Add Support for partial loading in load_transactions

JaredSchwartz / RuleMiner.jl

Association Rule Mining in Julia

MIT License

6 stars 0 forks source link

Add Support for partial loading in load_transactions #10

Closed JaredSchwartz closed 3 weeks ago

JaredSchwartz commented 3 weeks ago

Implement chunking on file I/O

[x] Implement nlines integer kwarg that with existing skiplines kwarg allows for pulling specific chunks from file

Investigate adding another method or addition of chunks kwarg where an integer value for chunks can be passed that returns an iterator for each of the chunks

Tortar commented 3 weeks ago

related to #9 sampling before loading transaction could be also useful, I don't really have at this time a good view on how the package is working currently, but if we can sample from the file itself it would be very useful I think

JaredSchwartz commented 3 weeks ago

If you do sampling during file read, you may not see all of the items. While the results from the algorithms would be the same as filtering the transactions after reading, I'd rather people get the same number of columns in their Transactions object no matter what seed they're using.

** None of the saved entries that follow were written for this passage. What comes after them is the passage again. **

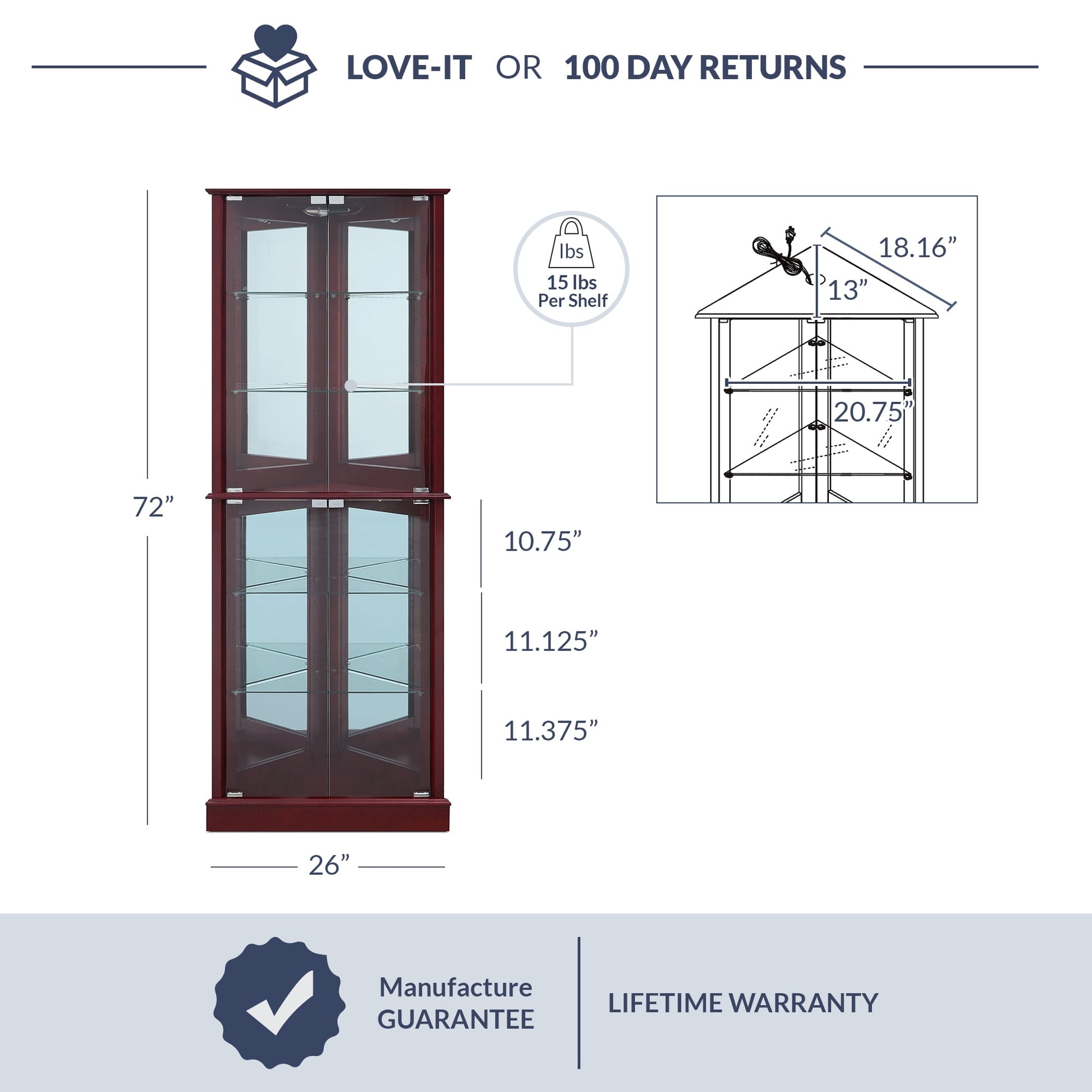 Showcase your favorite memorabilia, fine china, or decorative items all in one place in this classic accent, perfect for spaces that are tight. Crafted from wood with six shelves; this cabinet with glass doors enhances interior decor with traditional aesthetics. Add a touch of beautifully lit mirrored items with this corner shelf display.
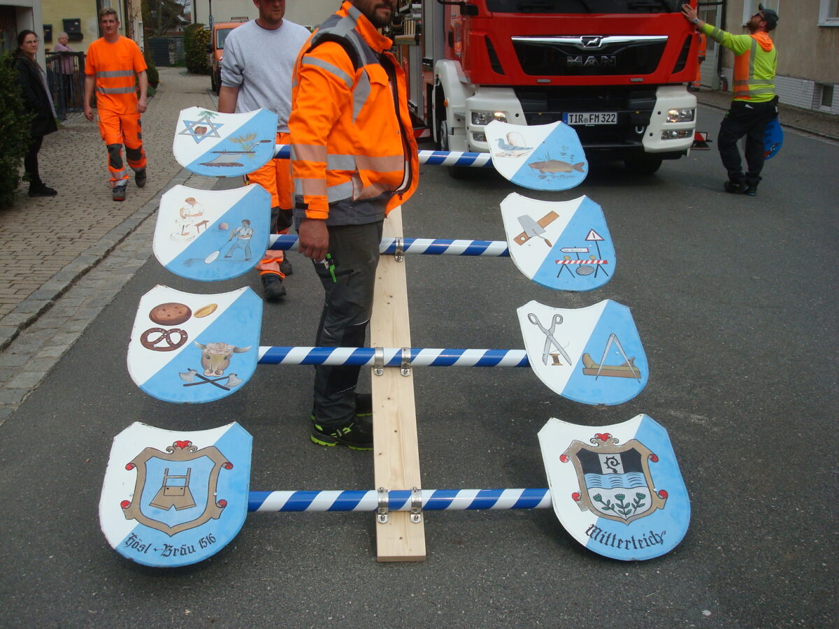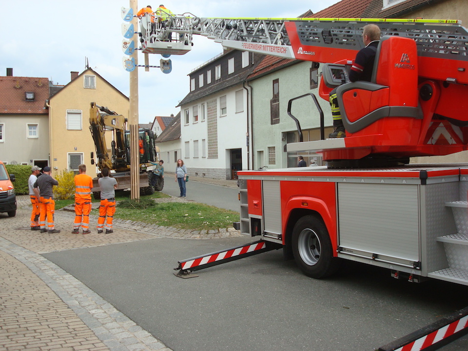 Vor Ort wurde dann am Anger das 29 Meter lange Baumstück gesäubert und geschmückt. Sieben Bauhof-Mitarbeiter waren damit mehrere Stunden beschäftigt, bis der Baum am Nachmittag aufgestellt werden konnte. Die beiden Kränze hatte Tage zuvor schon Stadtgärtner Willi Kilian mit seinen Helferinnen und Helfern vorbereitet. Um den Maibaum vor weiteren Attacken zu sichern, brachten die Arbeiter noch extra lange Eisen rund um den Baum an, damit er nicht abgesägt werden kann.
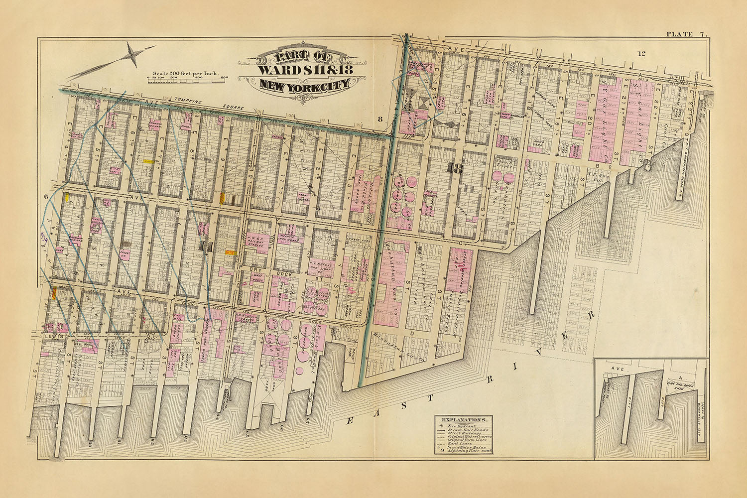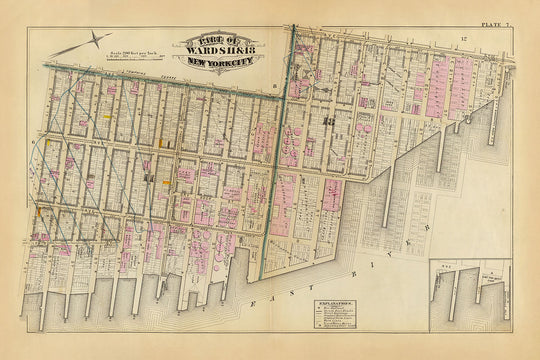 Welcome to a historical journey through the Lower East Side of New York City as it was in the year 1879. This exquisite map, part of an atlas produced by G.W. Bromley, provides an intricate look at parts of Wards 11 and 18, offering a unique snapshot of the city during a pivotal time in its history. The hand-colored lithography enhances the visual appeal of the map, highlighting features such as buildings, fire hydrants, steam and street railways, and even the original water courses that once weaved through the city's landscape.
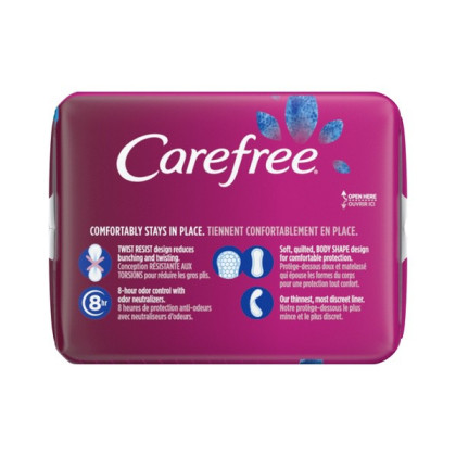 About This Item We aim to show you accurate product information. Manufacturers, suppliers and others provide what you see here, and we have not verified it. See our disclaimer CAREFREE® ACTI-FRESH® Twist Resist Body Shaped Pantiliners Unscented Thin - 60 Count liners feature Twist Resist™ design that minimizes bunching and twisting, to comfortably stay in place, so you don’t have to. Quilted design that minimizes bunching and twisting for flexible protection that adjusts to your unique body The absorbent Qwik-Dry™ core locks in fluids faster and keeps you fresher than before 8-hour odor control system provides long-lasting freshness to give you an extra boost of confidence when you need it
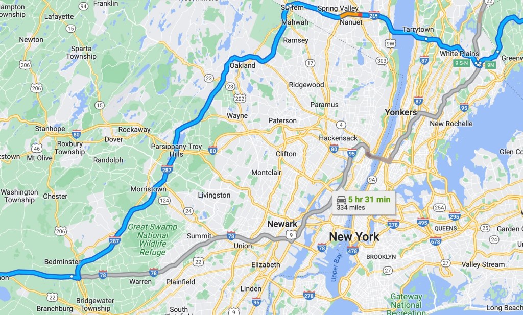 I routed the ride on the Google Map GPS using a round-about track that kept us well west and north of Newark and New York City. It was a few miles longer, but avoided whatever city traffic would be out on a Sunday holiday weekend and had fewer tolls. I didn’t really need to see the NYC skyline, which I’ld seen before on a ride that took me through downtown NYC.
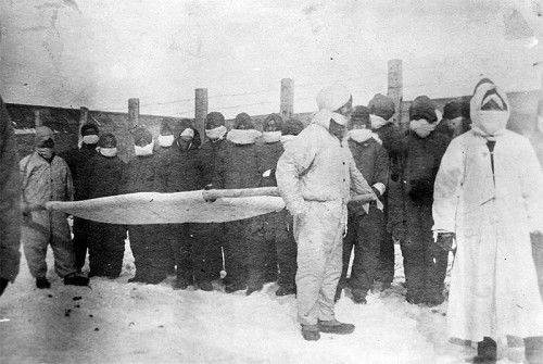 眼看去送葬哭丧的人感染鼠疫死了,谁还敢去?再说,天寒地冻,哈尔滨的冻土层足有 1 米多厚,一镢头下去就一个白印,跟砸在石头上差不多,你总不能用打眼放炮的方法来挖墓穴吧!
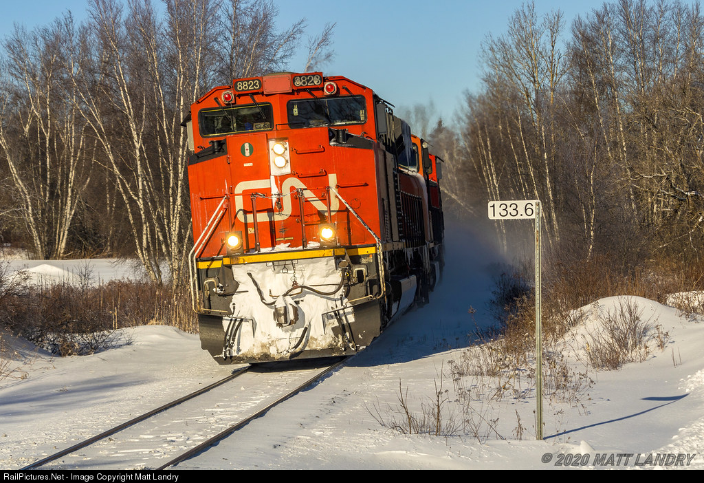 Four engines, and only one working to full capacity, train 120 rounds the bend at Berry Mills, New Brunswick. This train is much shorter than usual, at around 6,500 feet. This is due to the protests which are occurring on the CN's Kingston Sub. This train originated in Joffre, PQ, instead of Toronto, Ontario.
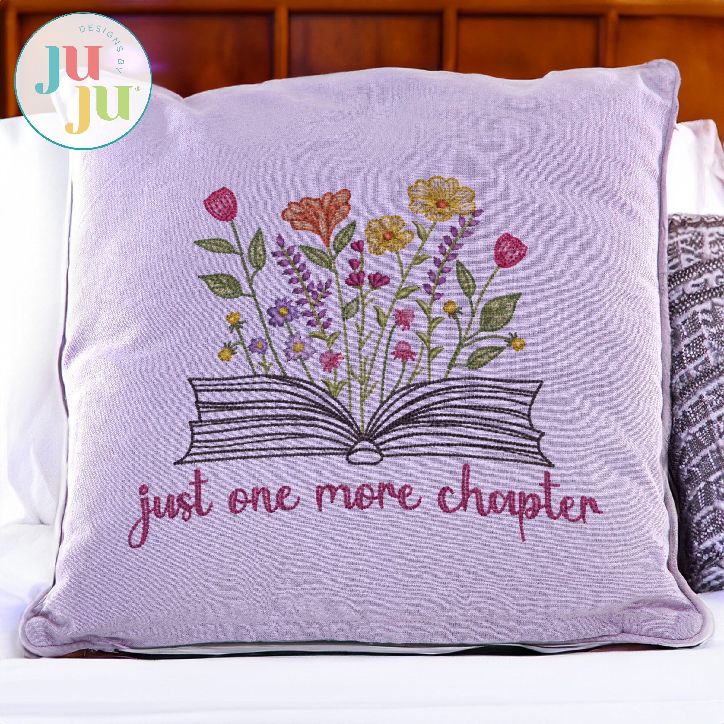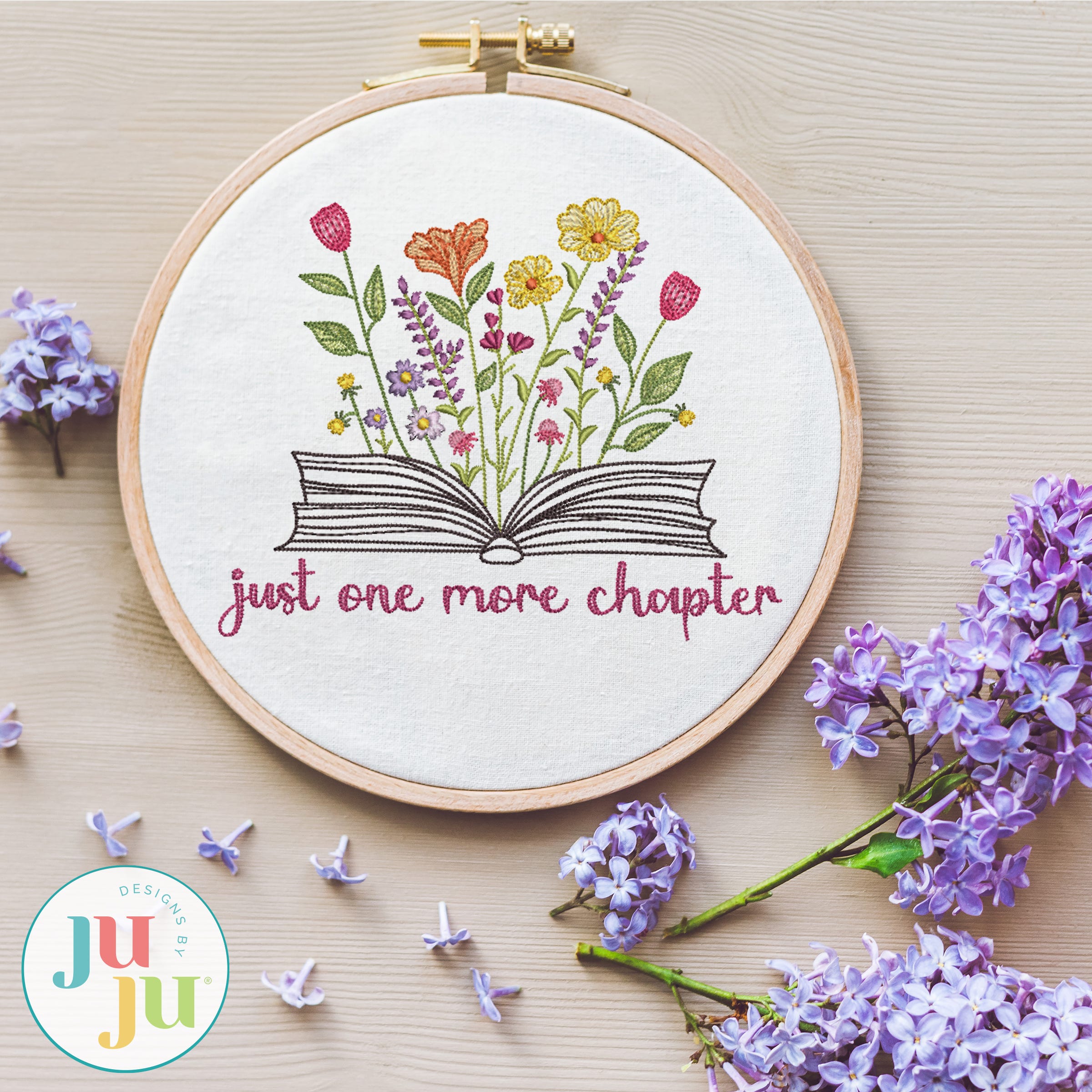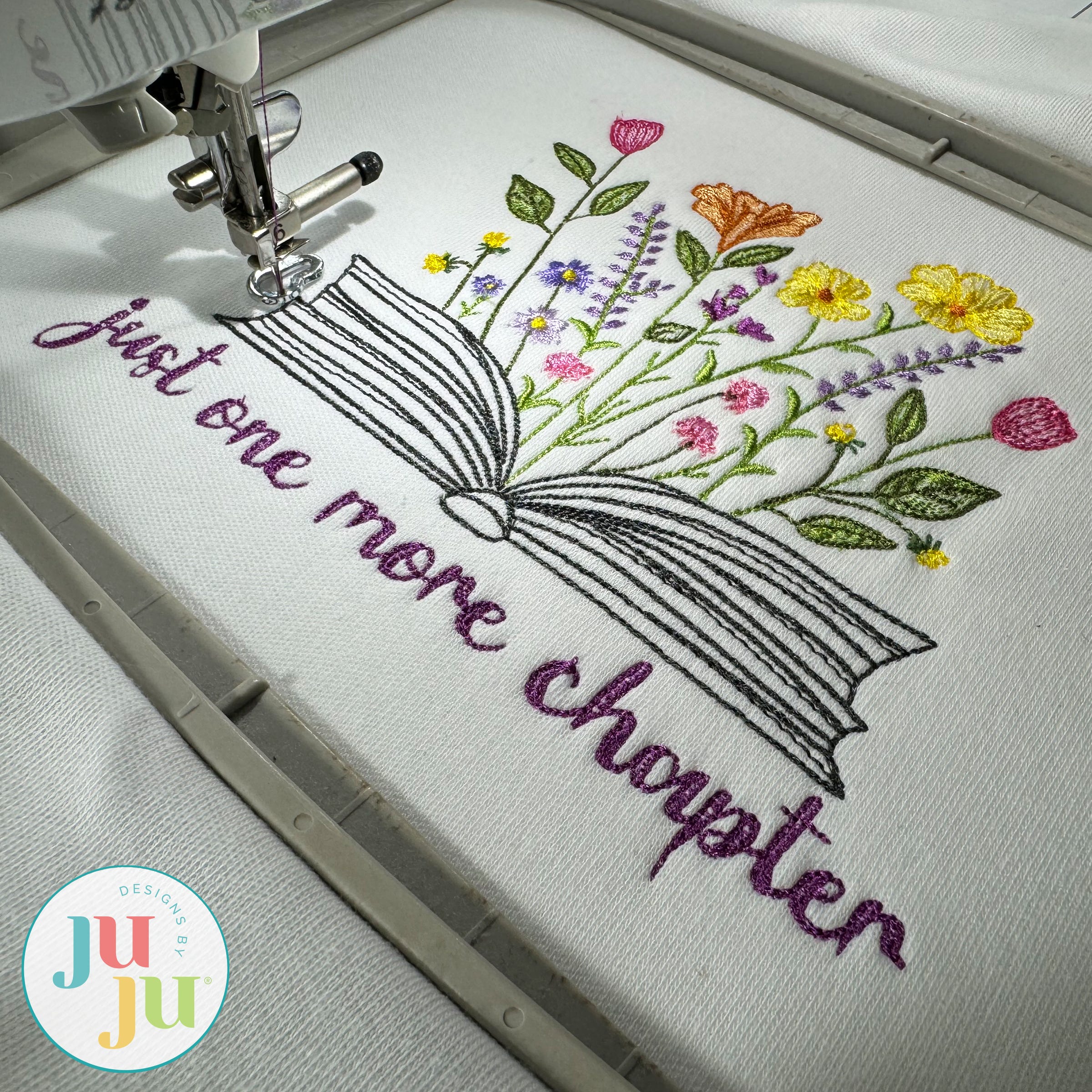 Just one more chapter... This single embroidery-only design features sketch fill and satin stitch flowers blooming out of a bean stitch book. The bean stitch lettering is included in the design file, as pictured.
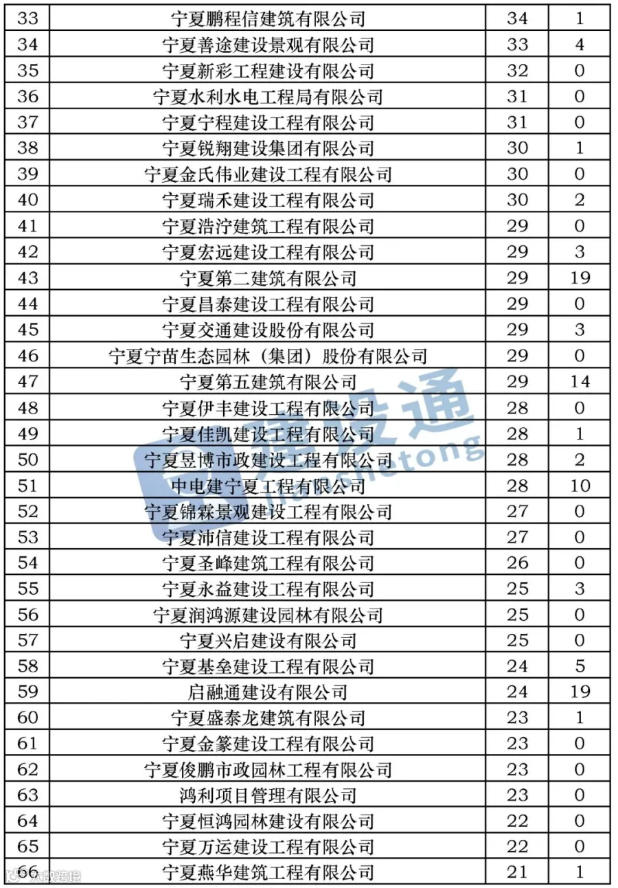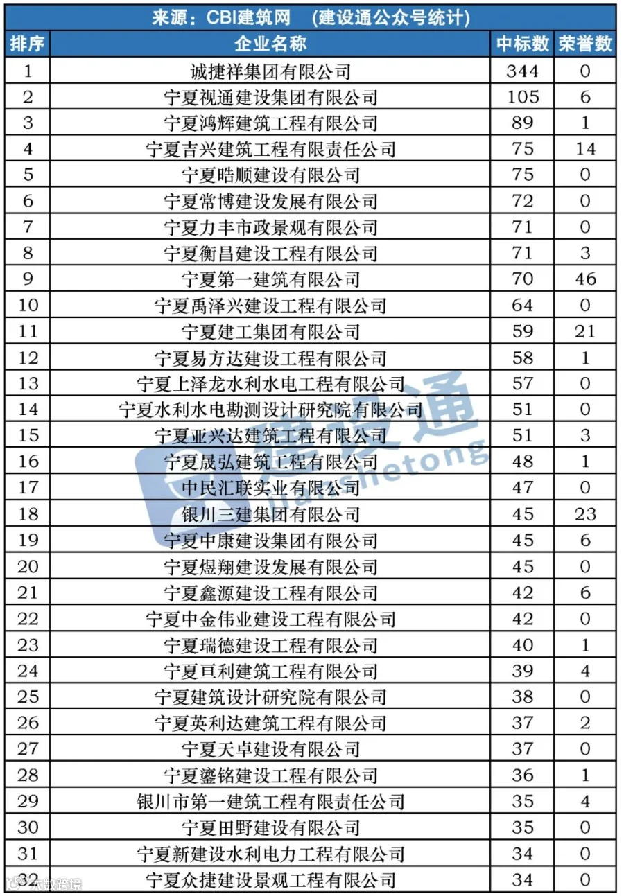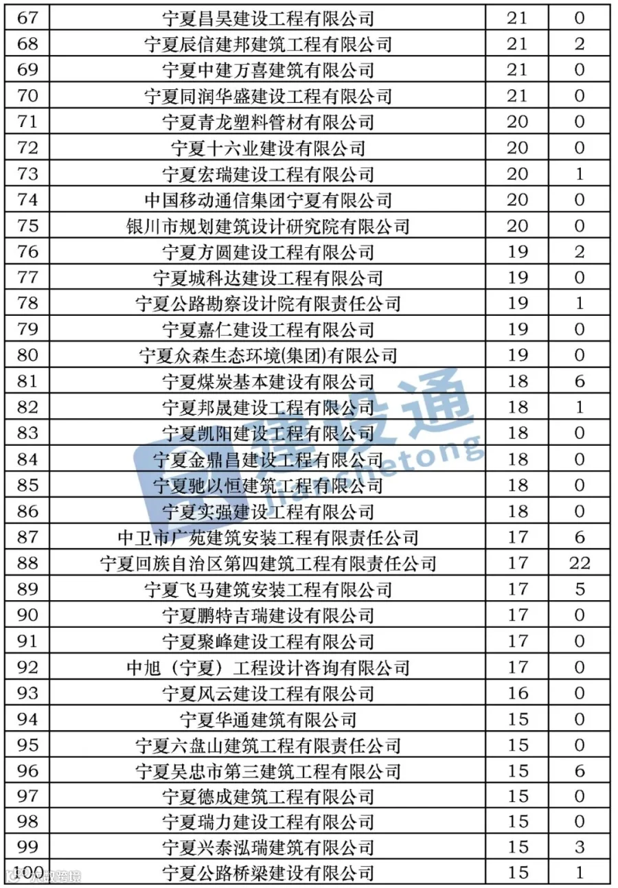 CBI建筑网综合报道:在2020年,宁夏建筑施工企业中标数量达6791项,同比(与去年同期)上升12.19%。其中,诚捷祥集团有限公司、宁夏视通建设集团有限公司、宁夏鸿辉建筑工程有限公司分列中标数量排行榜前三位。
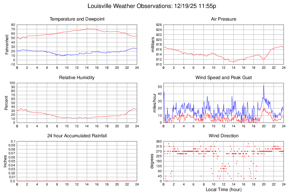 Temperature (F) 54.1 47.5 @ 00:45 71.1 @ 14:05 61.2

Tortar commented 3 weeks ago

If I'm following you, that could be solved by storing in a set all unique items while doing the scan for sampling

Tortar commented 3 weeks ago

But I wonder why do you mind to have the same number of columns in the transactions object?

JaredSchwartz commented 3 weeks ago

But I wonder why do you mind to have the same number of columns in the transactions object?

It's important to have all items in the dataset regardless of sampling methods for reproducibility/replicability. You're artificially altering their distribution, but they are technically still present in the data. If you sampled the rows of the of a matrix or dataframe, you wouldn't also delete the columns where there were no values prior to exploratory analysis.

JaredSchwartz commented 3 weeks ago

I'm not going to write sampling into the reader at the moment. It's too much extra work, and an implementation that samples the Transactions object is a better focus for my effort at this time.

If you or anyone else wants to write a pull request, I'd welcome it!